11 oyuncunun 8 inin yabancı olduğu ligimizde, milli takım bir santrafor bulamıyor da, 31 maçta ikisi  aynı maçta penaltıdan olmak üzere toplam 3 gol atmış  dışarıdan elen bir Enes’ten medet umuyorsa, bir şeyler yapmanın zamanı geldi de geçti bile..

Yabacı elbette olacak.

Trabzonspor için konuşursak bir Marek Mamsik’e,  Bakasetas’a  kim laf edebilir?

Edemez.

Lakin  hiçbir kriter olmadan her isteyenin gelip forma giydiği ligimizde milyon ,milyon  Dolar’lar, Euro’lar,  Süper Ligde  Süper Emekliliğini yaşaması için yabancılara gidiyorsa..

Yine sizin de dediğiniz gibi ;Arda Güler gibi 3 maç peş peşe oynasa çok  büyük  bir yıldız olacak 17 yaşındaki bir pırlanta  oyun girmek için son 10 dakikayı bekliyorsa..

Trabzonspor bile neredeyse  semtine hiç uğramayan  birine  bu günkü kurdan yıllık 30 milyon (Trilyon)  ödüyor,ve bunu iki yıl ödemeye devam edecekse..

Yedekten giren bir başka  yabancıya sırf 3 milyon Euro’nun üzerinde imza parası veriyorsa..

Bu yüzden asla ödemeyecek borçlarla baş başa kalmalarına rağmen kulüpler aynı yanlışları yapmaya  ısrar ve inatla devam ediyorsa..

Hiç önemli değildir onun bunun hatırı,..

Tez elden vurmak lazımdır satırı..

Bu bölüme son verirken merhum Özkan Sümer’in bir sözünü hatırlatarak bitirelim.

‘Avrupa’nın hurdalarını alarak Avrupa’yla yarışmak gibi bir saçmalık olabilir mi ya..’

KAPATMA CEZASI OLMALI

Bu zincir marketlerin keyfi zamlarının sonu gelmiyor.

Bu gün aldığını, yarın aynı paraya alırsan şanslısın..

Hadi aldın diyelim..

Parasını ödeyeceksin kasada kimse yok..

Niye?

Elemanların elinde yeni fiyat etiketi, ha bire ürünlere yapıştırmakla meşguller.

Yapılan kontrollerde bunlara verilen yüksek cezalara rağmen değişen bir şey olmuyor.
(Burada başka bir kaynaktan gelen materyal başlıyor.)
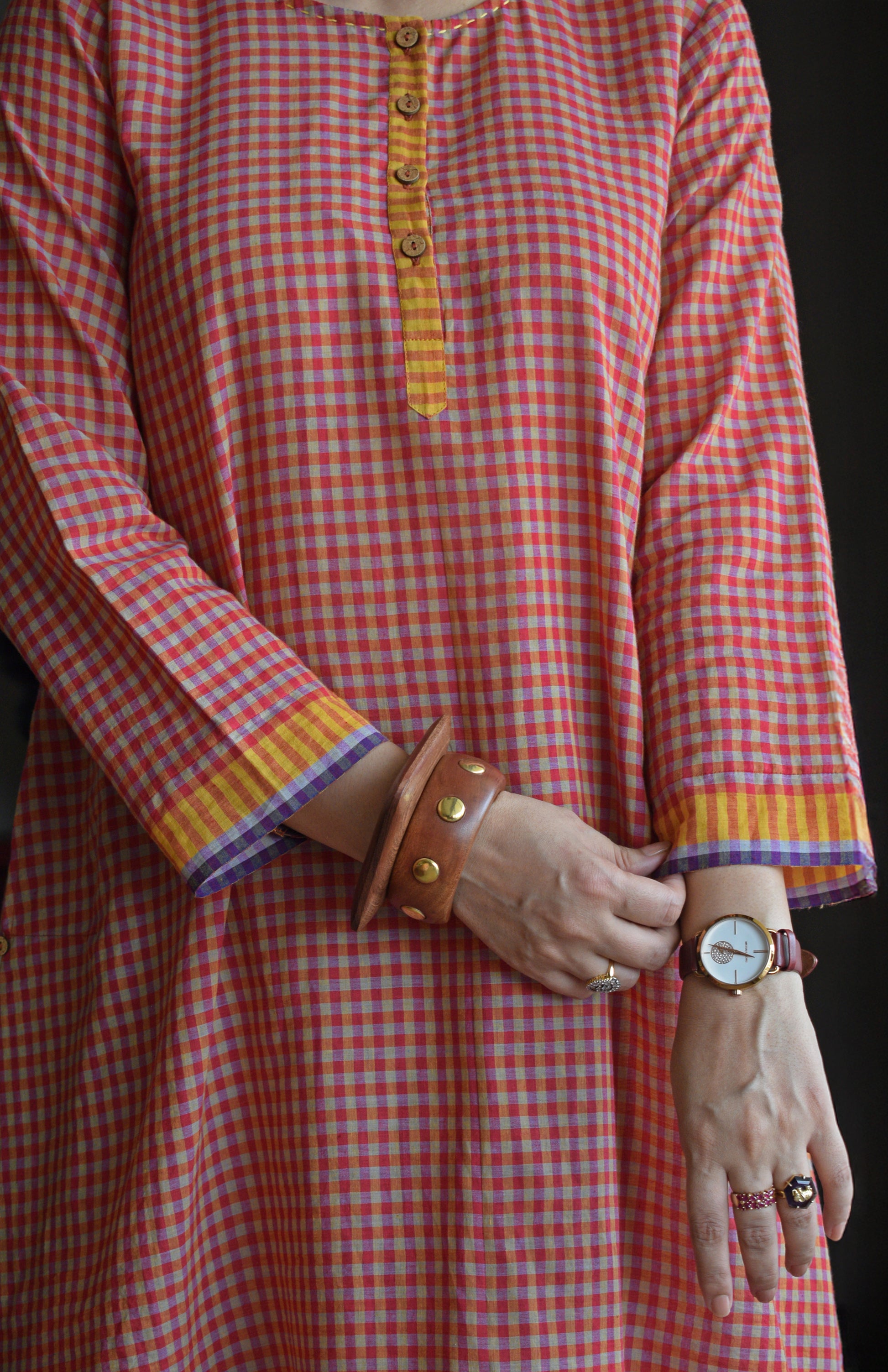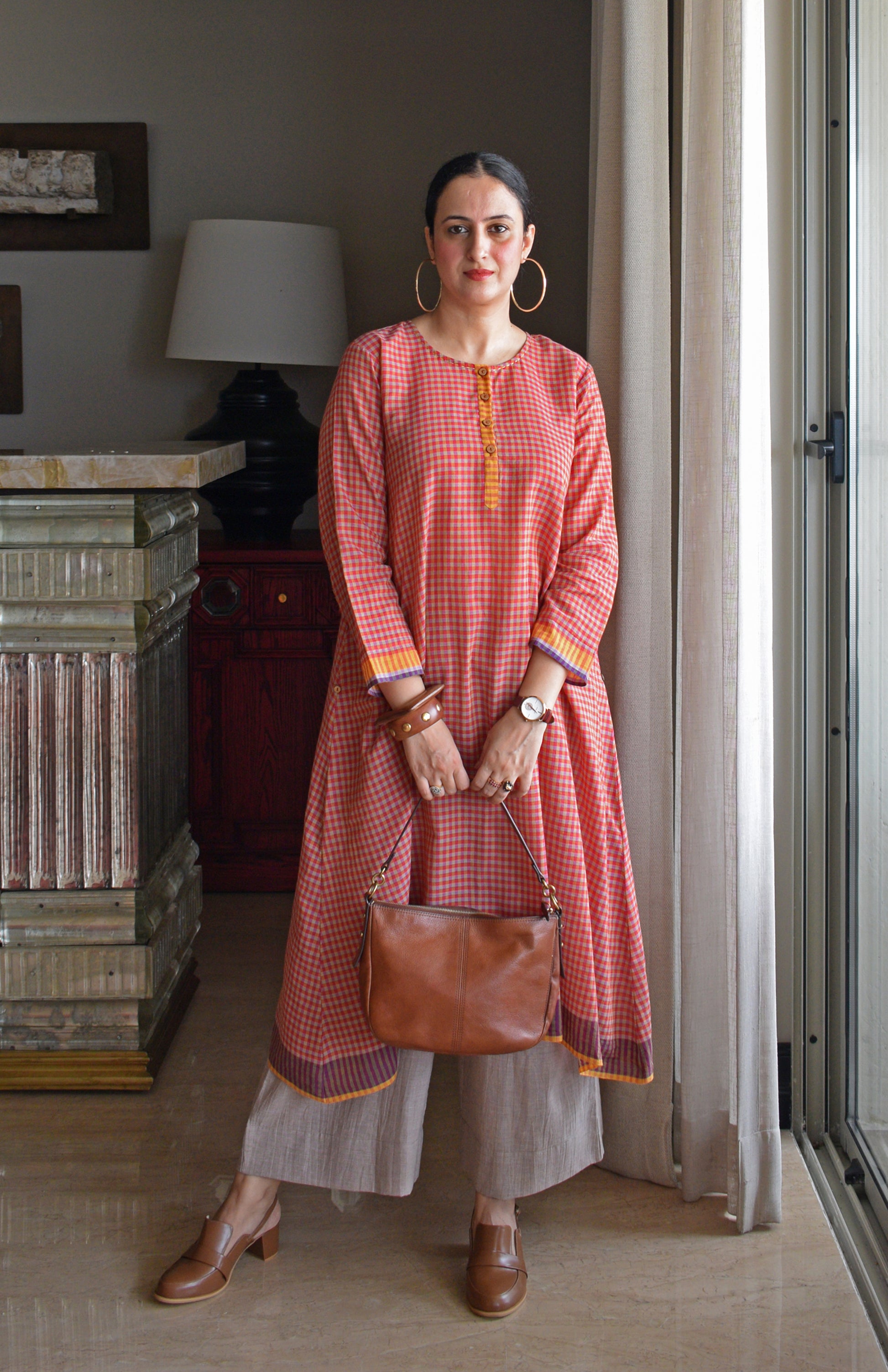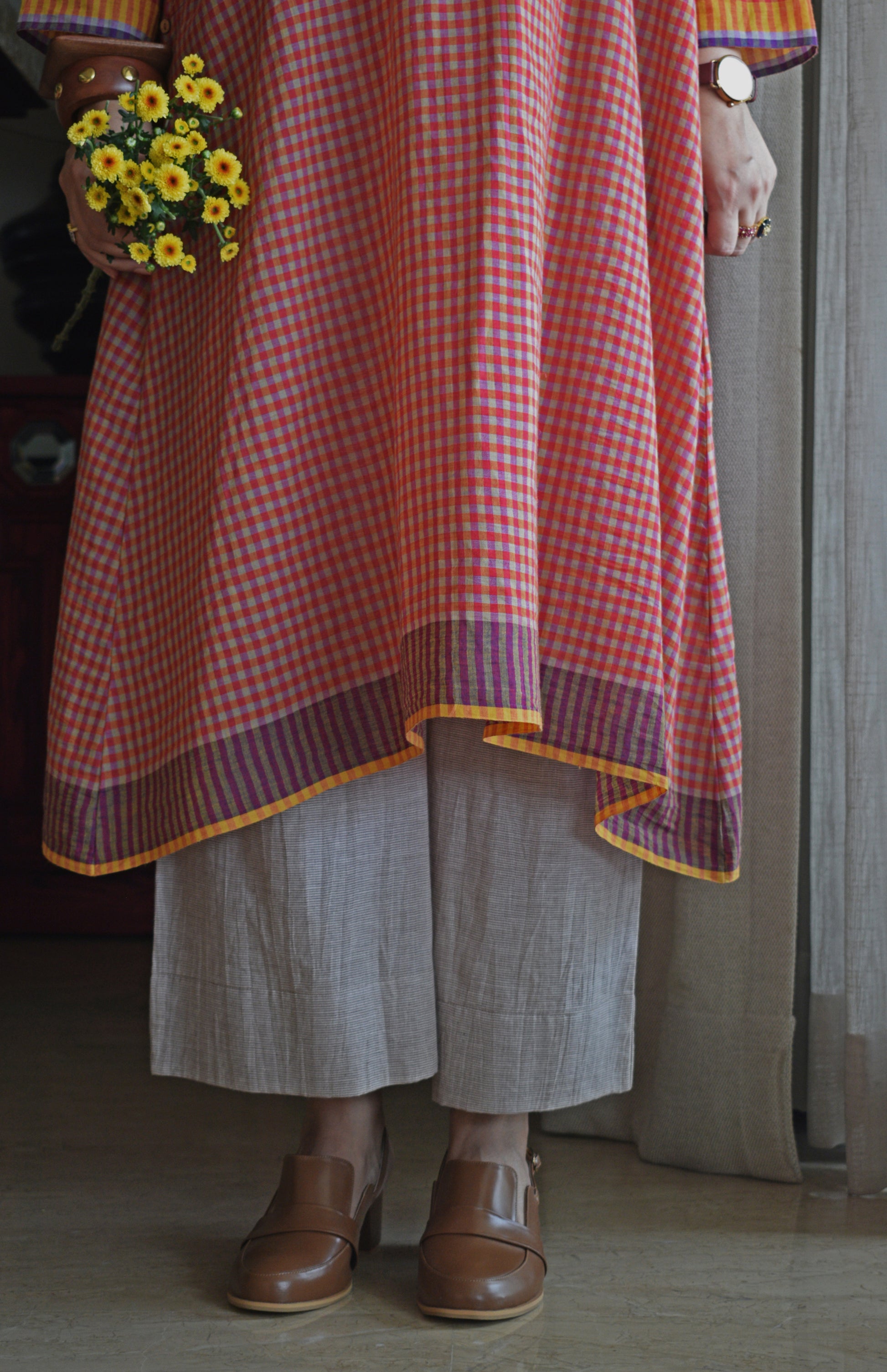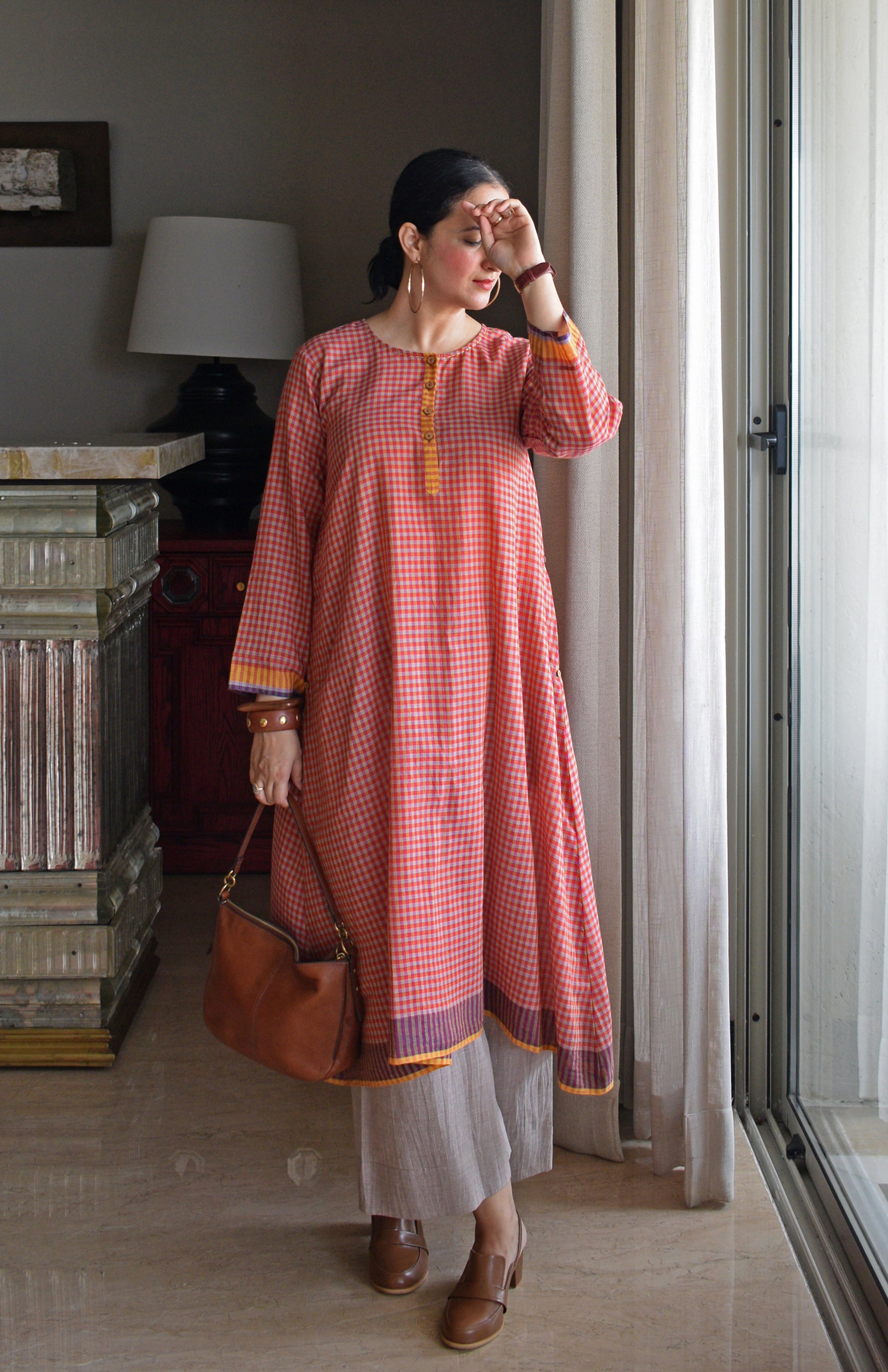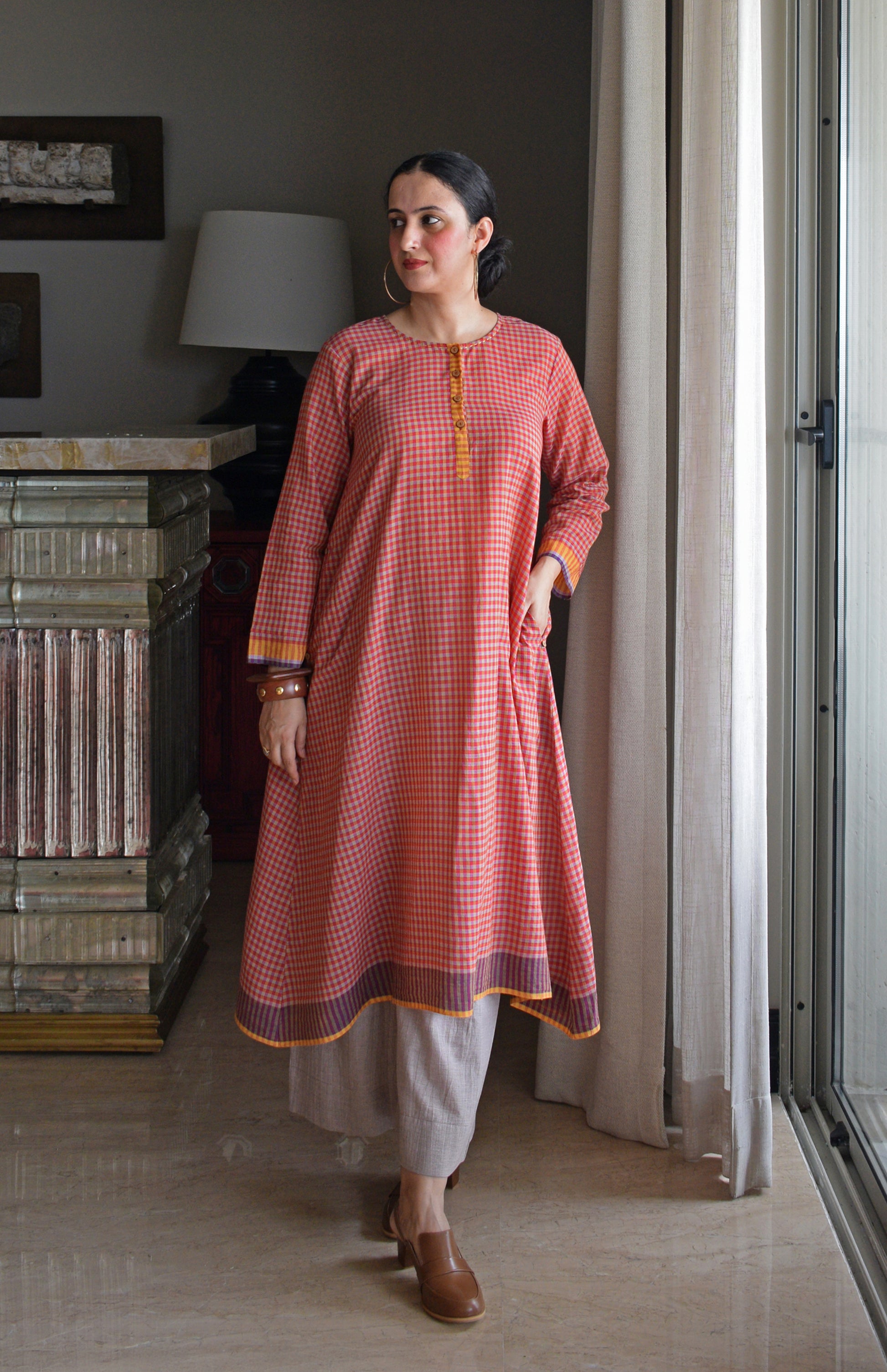 Rust Orange A line Kurta with Round Neck in Handwoven checks

Çünkü , cezanın fazlasını anında  fiyatlara yansıtıyorlar.

Yapıştır babam yapıştır!

Bence para cezasının yanında kapatma cezası da verilmeli..

3 gün, 5 gün, 10 gün..

Kapısına da yazacaksın “Fahiş fiyatla mal sattığı için kapatılmıştır.”